Pour les mêmes motifs que ceux exposés au point 6, M. F… n’est pas fondé à soutenir que la décision en litige méconnaitrait l’article L. 423-23 du code de l’entrée et du séjour des étrangers et du droit d’asile, ni qu’elle serait entachée d’une erreur manifeste d’appréciation au regard de ses effets sur sa situation personnelle. Par suite, ces deux moyens doivent être écartés.
En cinquième et dernier lieu, aux termes de l’article L. 423-21 du code de l’entrée et du séjour des étrangers et du droit d’asile : « Dans l’année qui suit son dix-huitième anniversaire ou s’il entre dans les prévisions de l’article L. 421-35, l’étranger qui justifie par tout moyen avoir résidé habituellement en France depuis qu’il a atteint au plus l’âge de treize ans avec au moins un de ses parents se voit délivrer une carte de séjour temporaire portant la mention « vie privée et familiale » d’une durée d’un an. La condition prévue à l’article L. 412-1 n’est pas opposable ».
La demande de titre de séjour de M. F… ayant été présentée postérieurement à l’expiration de l’année suivant son dix-huitième anniversaire, il n’est pas fondé à soutenir, en tout état de cause, qu’il pouvait obtenir un titre de séjour sur le fondement de ces dispositions.
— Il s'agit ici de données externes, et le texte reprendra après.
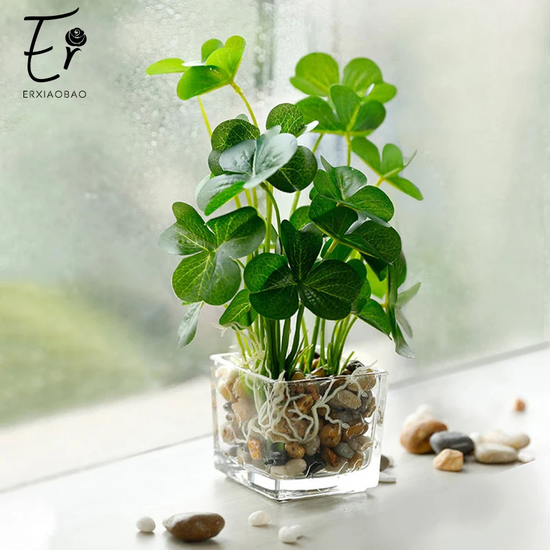 Erxiaobao искусственные растения со стеклянным горшком имитация бонсай в горшке помещается зеленый четырехлистный клевер украшение для домашнего стола окна

Ce moyen doit par suite également être écarté.
Il résulte de ce qui précède que M. F… n’est pas fondé à demander l’annulation de l’arrêté du préfet de Loir-et-Cher du 8 mars 2024.
Sur les frais d’instance :
Les dispositions de l’article L. 761-1 du code de justice administrative font obstacle à ce que soit mise à la charge de l’État, qui n’est pas, dans la présente instance, la partie perdante, la somme que M. F… demande au titre des frais exposés par lui et non compris dans les dépens.
D E C I D E :
Article 1er : La requête de M. F… est rejetée.
Article 2 : Le présent jugement sera notifié à M. B… F… et au préfet de Loir-et-Cher.
Délibéré après l’audience du 18 février 2026, à laquelle siégeaient :
M. Samuel Deliancourt, président,
M. Jean-Luc Jaosidy, premier conseiller,
Mme Aurore Bardet, conseillère.
Rendu public par mise à disposition au greffe le 25 février 2026.
Le rapporteur
Jean-Luc D…
Le président,
Samuel DELIANCOURT
La greffière,
Aurore MARTIN
La République mande et ordonne au préfet de Loir-et-Cher en ce qui le concerne ou à tous commissaires de justice à ce requis en ce qui concerne les voies de droit commun, contre les parties privées, de pourvoir à l’exécution de la présente décision.